If I were in third grade, I would want to be friends with Stella Batts. And I'm not just saying that because her parents own Batts Confections, complete with a garden made of candy. Stella is a sweet, thoughtful girl with hopes of someday becoming a writer. She is also a typical third grader struggling with some classic elementary school concerns.
When a classmate, Joshua, makes fun of her name, calling her Smella, Stella is too embarrassed to even speak of the incident. In fact, she's so upset, she decides to change her name. Stella shares this secret with her closest friends, and they all decide to change their names too. Her best friend, Willa, picks the name Caramel, and Stella immediately wishes she had come up with it first. Caramel happens to be a candy that she loves, and it can be shortened to not one, but two nicknames. When she suggests they both take that name, Willa is not happy. Stella decides to try a tactic that her mom used when she got upset with her sister Penny for copying her. She explains to Willa that "imitation is the sincerest form of flattery" but Willa doesn't buy it. A new name no longer seems quite so appealing to poor Stella.
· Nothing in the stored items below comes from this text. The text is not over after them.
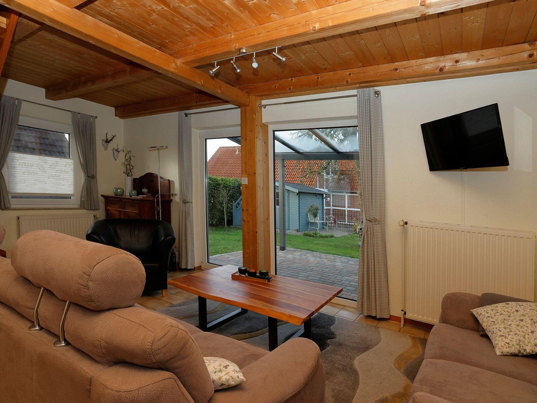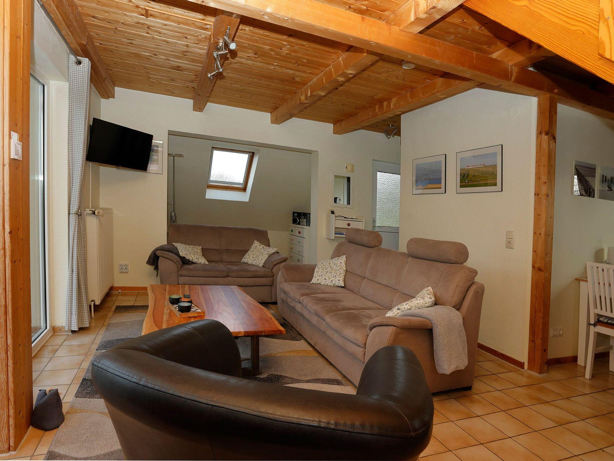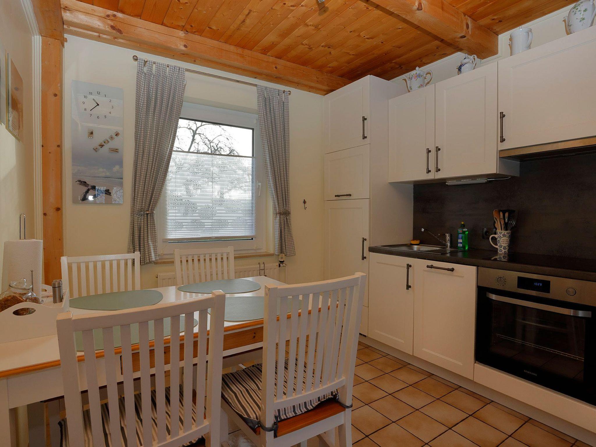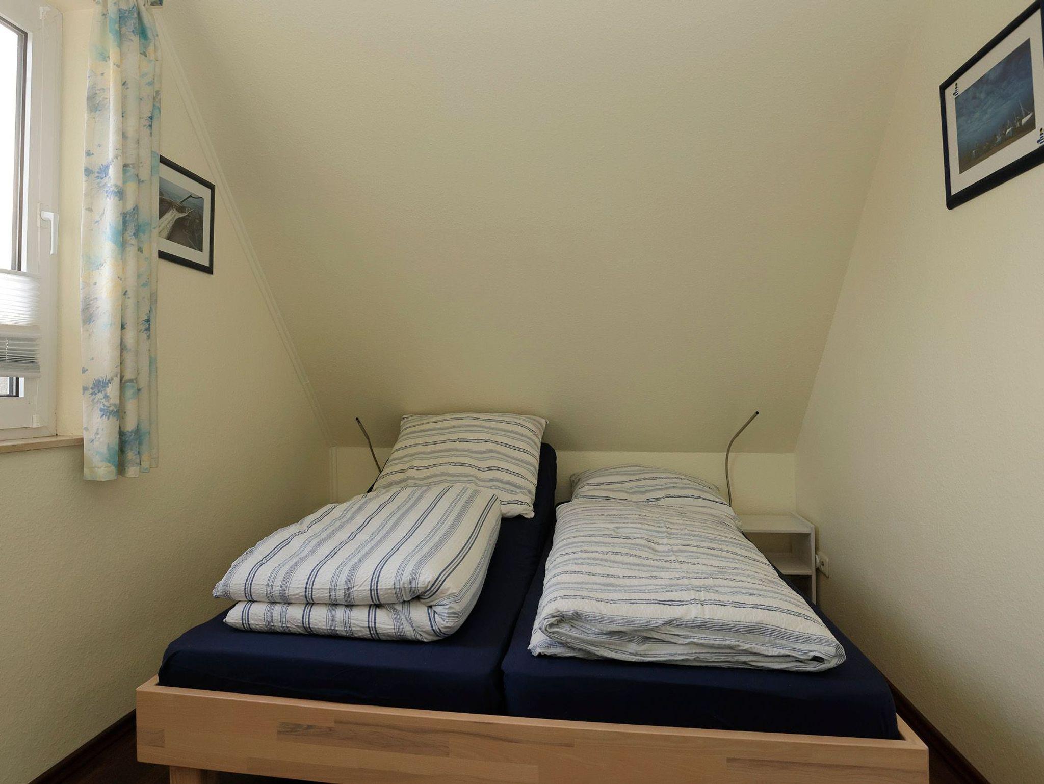 Das massiv errichtete Ferienhaus 128, vom Typ Scout 60 (Herbstprinz), verfügt über ca. 60 m² Wohn-/Nutzfläche auf 2 Etagen und kann mit bis zu 4 Personen (+ 1 Kleinkind im Kinderreisebett - 1 Kinderreisebett und 1 Hochstuhl im Haus vorhanden) belegt werden. Im Erdgeschoss befindet sich das Badezimmer (Dusche/WC), das Wohnzimmer mit angrenzender offener Küche mit Essplatz (Ceran-Kochfeld/Backofen - Kühlschrank/Gefrierfach, Mikrowelle und Spülmaschine) und einem kleinen Erker mit Lesesessel. Zugang zur überdachten und möblierten Terrasse und zum außenliegenden Abstellraum vom Wohnzimmer. Über die offene Treppe im Wohnbereich gelangt man zu den beiden Schlafräumen (ein Schlafraum mit einem Doppelbett und ein Schafraum mit zwei Einzelbetten) im Obergeschoss. Das zum Haus gehörende Gartenhäuschen bietet zusätzliche Abstellfläche (für Fahrräder etc.). Nichtraucherhaus - kostenloses WLAN - Haustiere erlaubt (mobiler Hundezaun vorhanden) - Brötchenservice von Ostern bis Oktober!
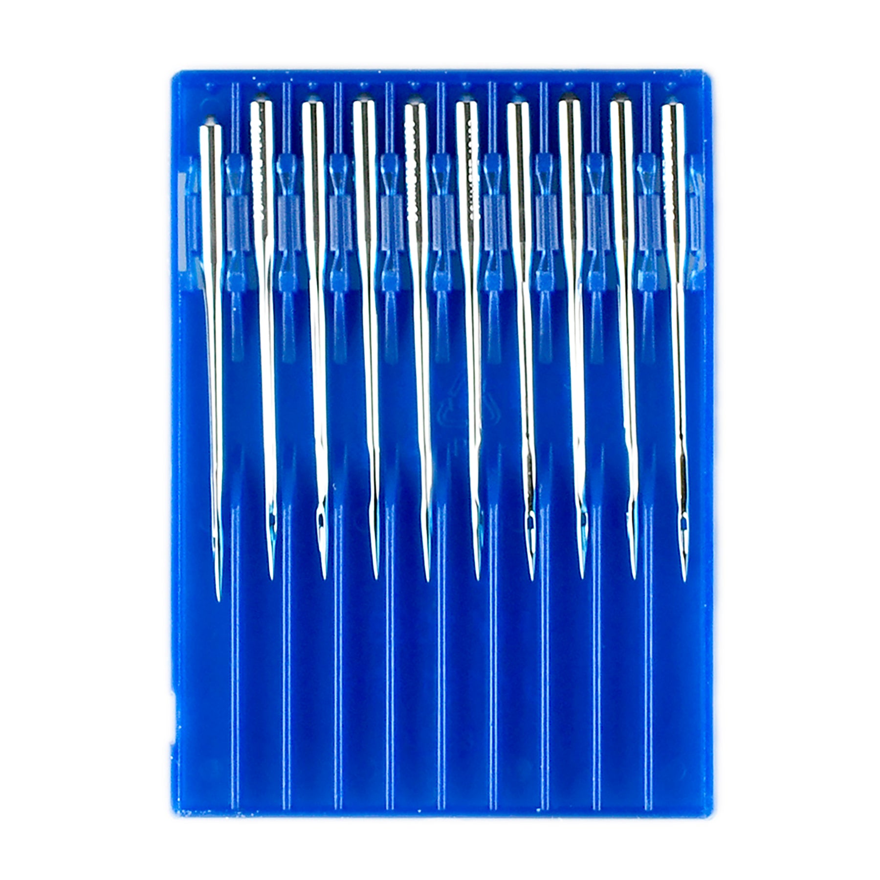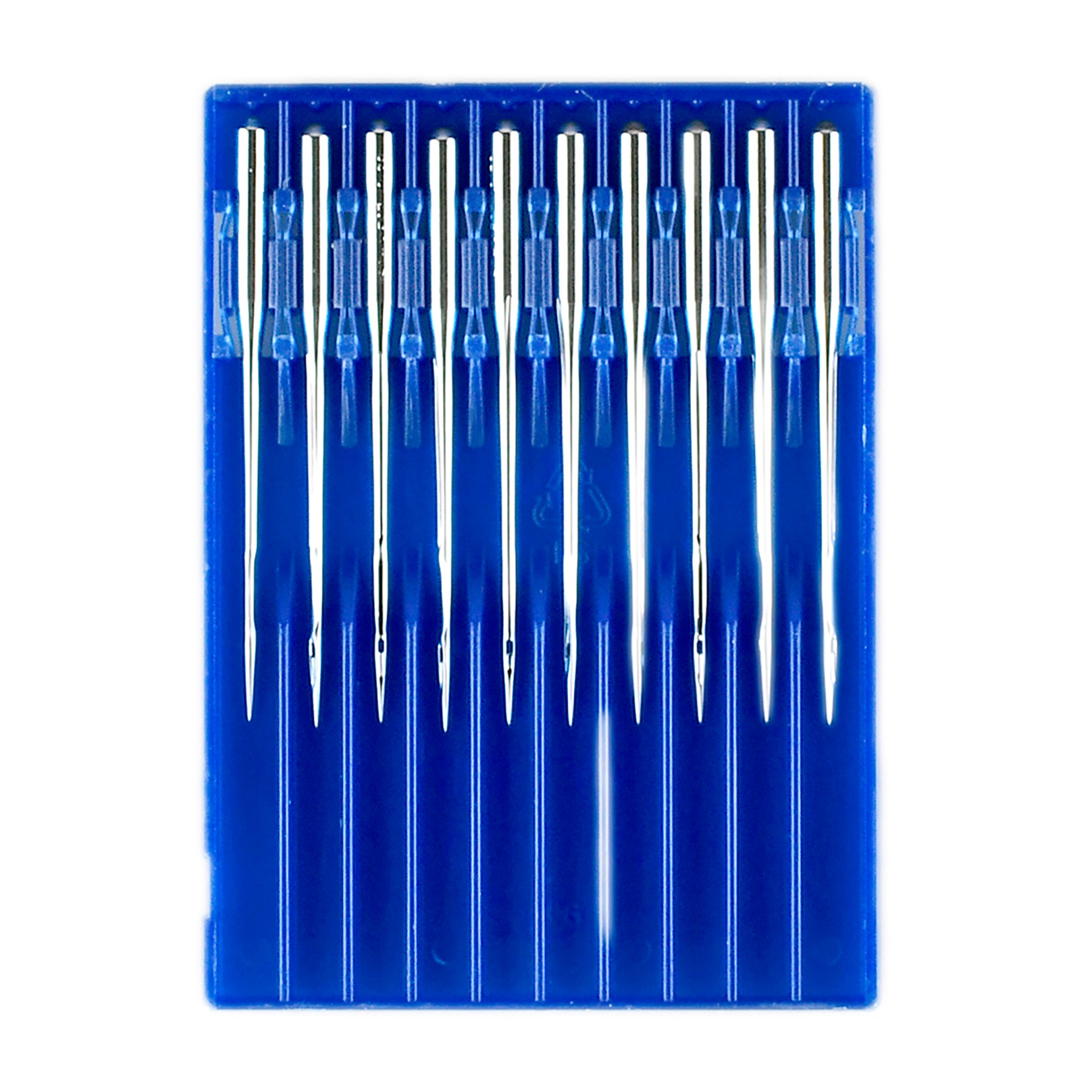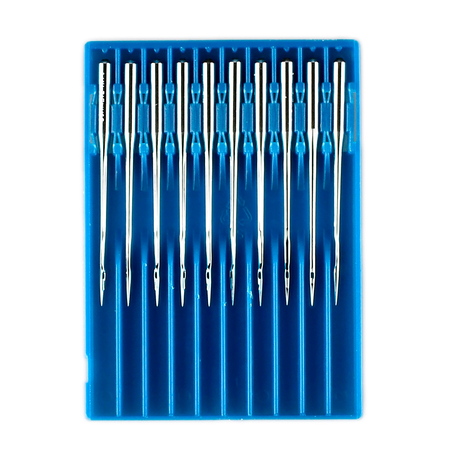 Machine needles for overlockers featuring a sharp-point tip. Suitable for most fabrics.
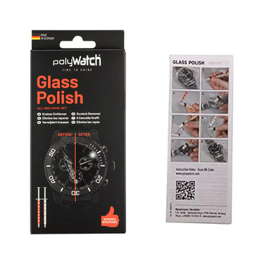 The polyWatch Glass Polish is a high-performance diamond polish for all mineral and sapphire glass watch crystals. It removes fine, small and medium scratches and can be used for a multitude of jobs: Watches, car, furniture, household, windows, and much more. The innovative "Diamond Polishing Technology" (DPT), in which micro-sized diamond particles removes scratches provides for professional results. The all-inclusive kit saves money and preserves the value of your most cherished pieces. The cost for the replacement of the watch crystal is also saved. Do not use on coated. surfaces.
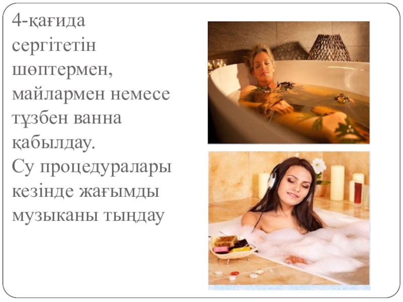 Слайд 114-қағида сергітетін шөптермен,майлармен немесе тұзбен ванна қабылдау. Су процедуралары кезінде жағымды музыканы тыңдау
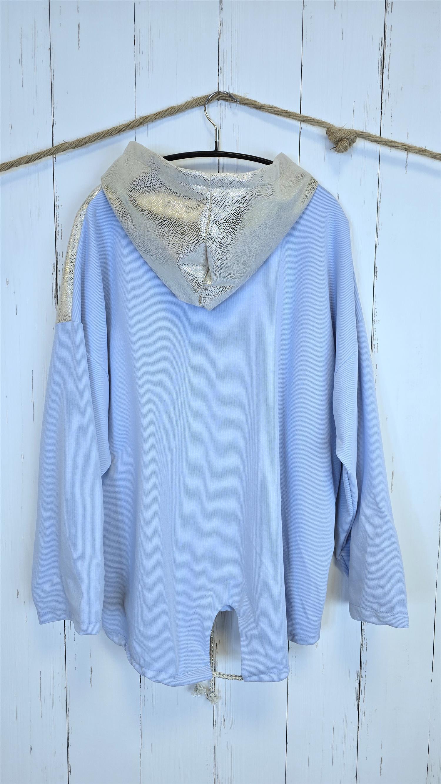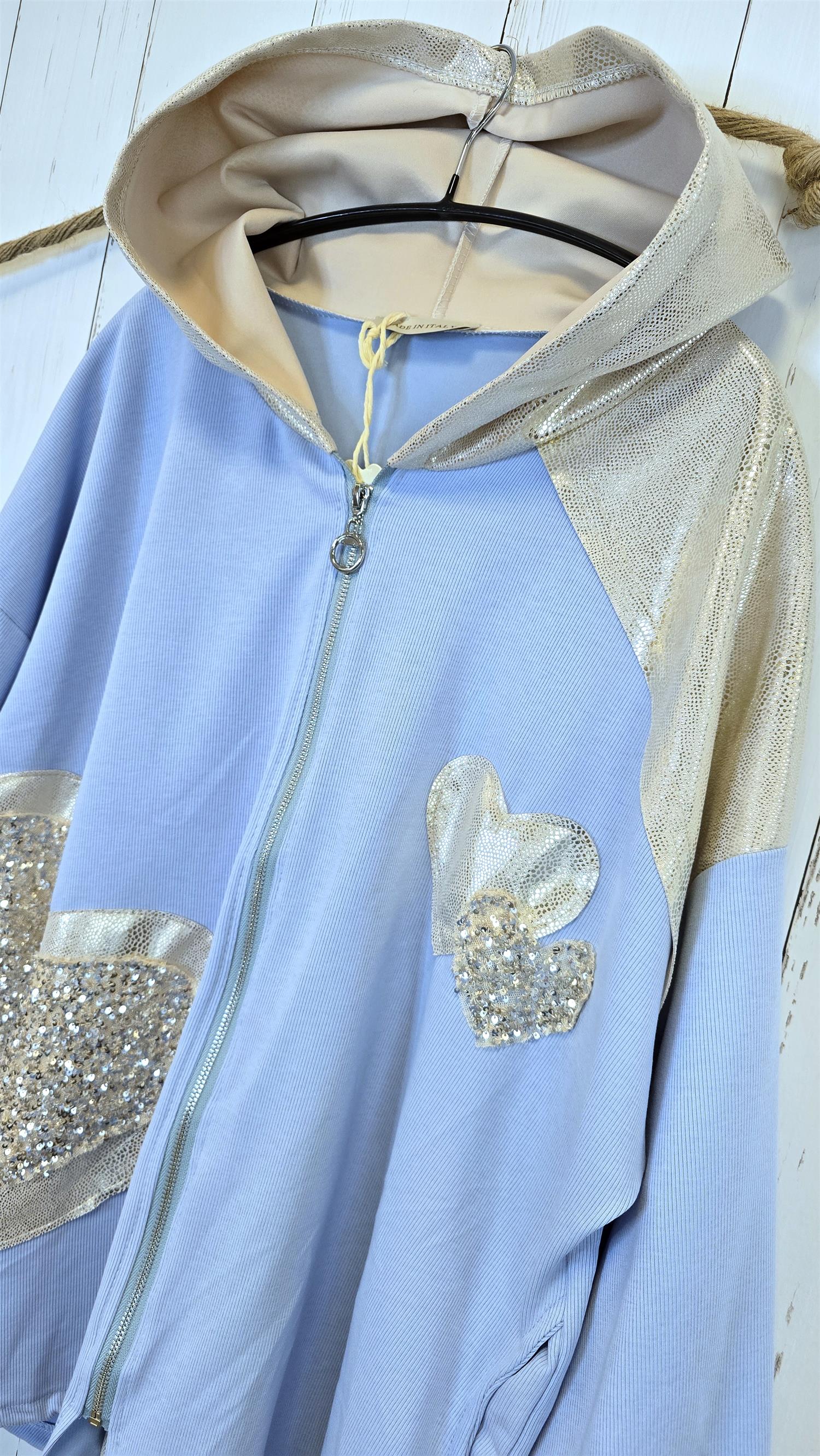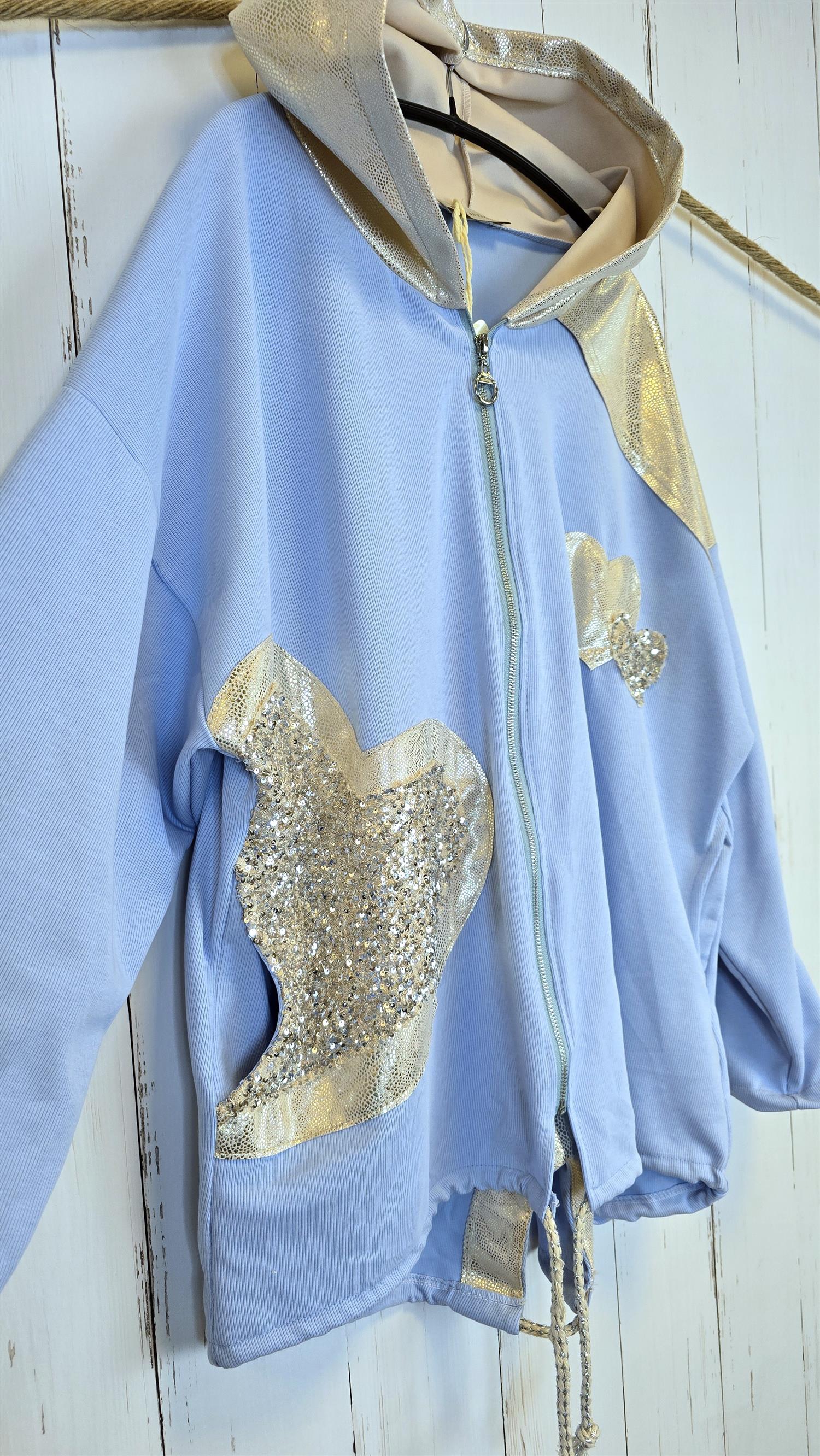 Myk og behagelig hettejakke med glidelås og dekorative hjerteapplikasjoner foran. Jakken har hette og justerbar knyting nederst, slik at du enkelt kan tilpasse passformen. Perfekt som en lett jakke til hverdagsbruk.
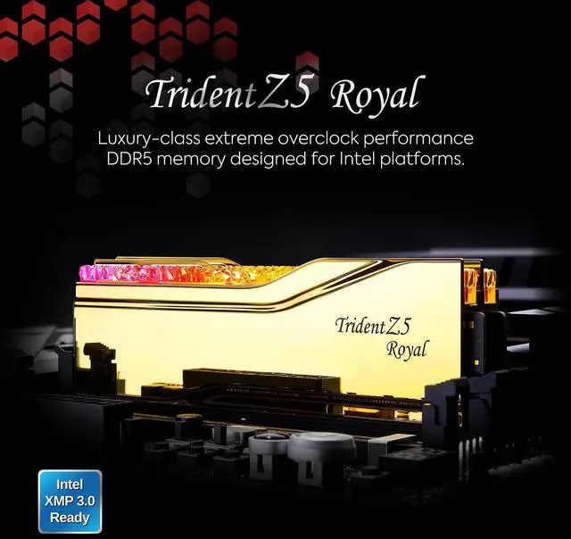G. SKILL Trident Z5 Royal Series DDR5 U-DIMM Memory Kit, Model: F5-8400J4052G24GX2-TR5G ^^ 48GB total capacity kit containing 2x24GB modules, rated for up to DDR5-8400 CL40-52-52-134 at 1.40V ^^ Non-ECC, DDR5 U-DIMM, 288-pin, for Desktop PC & Gaming ^^ Includes JEDEC default profile, and Intel XMP 3.0 memory overclock profile ^^ Do not mix memory kits. Memory kits are sold in matched kits that are designed to run together as a set. Mixing memory kits will result in stability issues or system failure. ^^ For Intel Z790 platforms. Refer to G. SKILL memory QVL or RAM Configurator tool on the G. SKILL website for more details on validated motherboard and hardware. ^^ Usage in any manner inconsistent with manufacturer specifications, warnings, designs, or recommendations will result in lower speeds, system instability, or damage to the system or its components. ^^ Memory kits will boot at JEDEC default SPD speed at default BIOS settings with compatible hardware. ^^ For memory kits with XMP and/or EXPO overclock profile, enable XMP/EXPO/DOCP/A-XMP profile in BIOS to reach up to the rated potential XMP or EXPO overclock speed of the memory kit, subject to the use of compatible hardware.
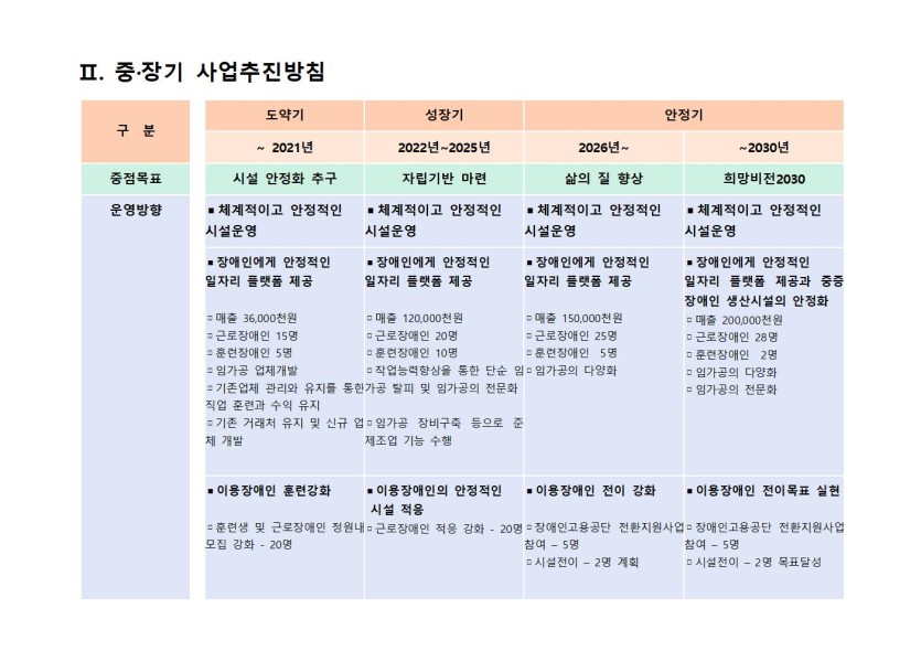 시설운영 중·장기 사업 추진 방침 페이지 정보 작성자 관리자 작성일 2025.03.04 16:54 496 조회 목록 본문 중·장기 사업 추진 방침 SNS 공유 신고 차단 댓글 0 로그인한 회원만 댓글 등록이 가능합니다. 이전글 다음글 목록

While the action is limited in this story, there are plenty of details about what it is like to be a third grader. Written in the first person, readers learn straight from Stella about school trips, 3rd grade math, carpools, and even the card game, Spit. The friendships are positive and respectful, and even when there is conflict, either among the girls or with the bully, Joshua, it is easily resolved. Stella's friend Arielle, is an interesting character. Although quiet, she is the only one confident enough to stick with her given name, even when the other girls all decide to change theirs. Stella shares a few good lessons about identity, behavior and friendship. The black and white illustrations are warm and cheery and serve as a nice complement to this lighthearted story.
Jennifer A. Bell
2012, 144 pages
Friendship, Identity, School, Siblings
• Why is Stella unhappy with her name?
• Does choosing a new name make Stella feel better about herself?
• Have you ever wanted to change your name? Why, and what would you pick?
• Do you agree with Stella's mom that imitation is a form of flattery?
• Why does Stella reveal her secret to her friends? Was that a good decision?
• Is it OK to make fun of someone if they can't hear you?
• In what ways is Joshua a bully? What else could Stella do to deal with him?